Given the rise of smart assistants and smart home devices, text-to-speech (TTS) is increasingly one primary method of interaction. Google is today introducing its Cloud Text-to-Speech technology and making it available for developers to use.
A part of the Google Cloud Platform, anyone can leverage it to have IoT enabled devices “talk back to you,” covert text-based media like articles and books into spoken audio, and more interestingly power real-time natural language conversations, which are ideal for voice response systems in call centers.
Google notes that Cloud Text-to-Speech authentically and “correctly pronounces complex text such as names, dates, times and addresses.” Meanwhile, developers can customize pitch, speaking rate, and volume gain, with the service featuring 32 different voices from 12 languages and variants.
Some of those voices are created by Alphabet AI subsidiary DeepMind through its generative model for raw audio. WaveNet is responsible for a “selection” of high-fidelity voices that are more natural-sounding, with Google touting a 50% reduction in the gap with human performance.

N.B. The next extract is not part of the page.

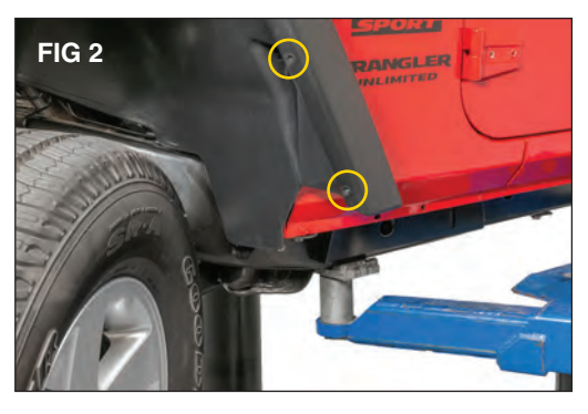
Using diagonal cutting pliers remove the two plastic rivets from the fender flare shown (FIG 2).

With these adjustments, the new WaveNet model produces more natural sounding speech. In tests, people gave the new US English WaveNet voices an average mean-opinion-score (MOS) of 4.1 on a scale of 1-5 — over 20% better than for standard voices and reducing the gap with human speech by over 70%. As WaveNet voices also require less recorded audio input to produce high quality models, we expect to continue to improve both the variety as well as quality of the WaveNet voices available to Cloud customers in the coming months.
WaveNet has come a long way since its inception in late 2016, with the current version running on Google Cloud TPUs and generating raw waveforms 1,000 times faster, with one second of speech created in just 50 milliseconds.